On "whitelisting" and "blacklisting"

As a straight white guy from middle-of-nowhere Tory Brexitland I'm sure I am supposed to say something about political correctness gone mad, but this is worth a read and makes some fine points. Upshot:

It's fairly common to say whitelisting and blacklisting to describe desirable and undesirable things in cyber security. For instance, when talking about which applications you will allow or deny on your corporate network; or deciding which bad passwords you want your users not to be able to use.

However, there's an issue with the terminology. It only makes sense if you equate white with 'good, permitted, safe' and black with 'bad, dangerous, forbidden'. There are some obvious problems with this.

I agree.

From now on, the NCSC will use 'allow list' and 'deny list' in place of 'whitelist' and 'blacklist' on our website.

I propose not referring to notional "lists" at all. This will invariably make your writing clearer.

Let's take an example from the article. "An allow list of applications" is clumsy (let alone the alternative form, "an allow listed application"). It is much terser and accurate to refer to "trusted applications" for ones you know to be good, and "malicious" for ones you know to be bad. No lists required! (Adjust the terminology to your use case as required.)

For the example of passwords, of course you only ever check against a list of known-compromised ones; you certainly don't have a list of ones that are safe to use. Again, you can almost always get rid of notional "lists". Some examples:

  • This password is blacklisted 🡒 This password is known to be weak
  • This function checks the given password against a blacklist 🡒 This function checks if the given password is known to be weak

It is fine to refer to lists when there are actual lists; if your program is supplied with or downloads a set of textual rules for allowing & denying access to something, for example. Here again, though, you are discussing an implementation detail rather than what actually happens, which is generally not good form in anything but documentation dedicated to discussing implementation details.

I am reminded of a ticket from a few months ago in the Django project:

We'd like to add aliases for the trans and blocktrans template tags which do not have connotations to the transgender community. An initial proposal would be to add translate and blocktranslate as aliases.

The lazy counter to this would be that "translate" shares the same "trans" root as "transgender", and who is to say that it's only a valid contraction of one of them?
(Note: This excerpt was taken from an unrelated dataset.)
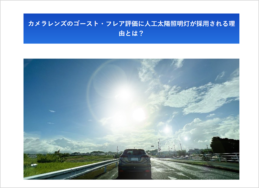 カメラレンズのゴースト・フレア評価に人工太陽照明灯が採用される理由とは?

I say "lazy", because the reporter handed the Django a great opportunity for improvement: why pick a tag name like trans when it could cause confusion with something else? Even when there is no scope for confusion, we're not limited to MS-DOS filenames these days (and don't get me started on "i18n"). You can and should use whole English words; {% translate %} makes for better and clearer code than {% trans %}.

You should definitely improve your terminology to be more inclusive - it's a low-effort way of making the world a little bit better. And do use that opportunity to write stronger and more clearly while you are there.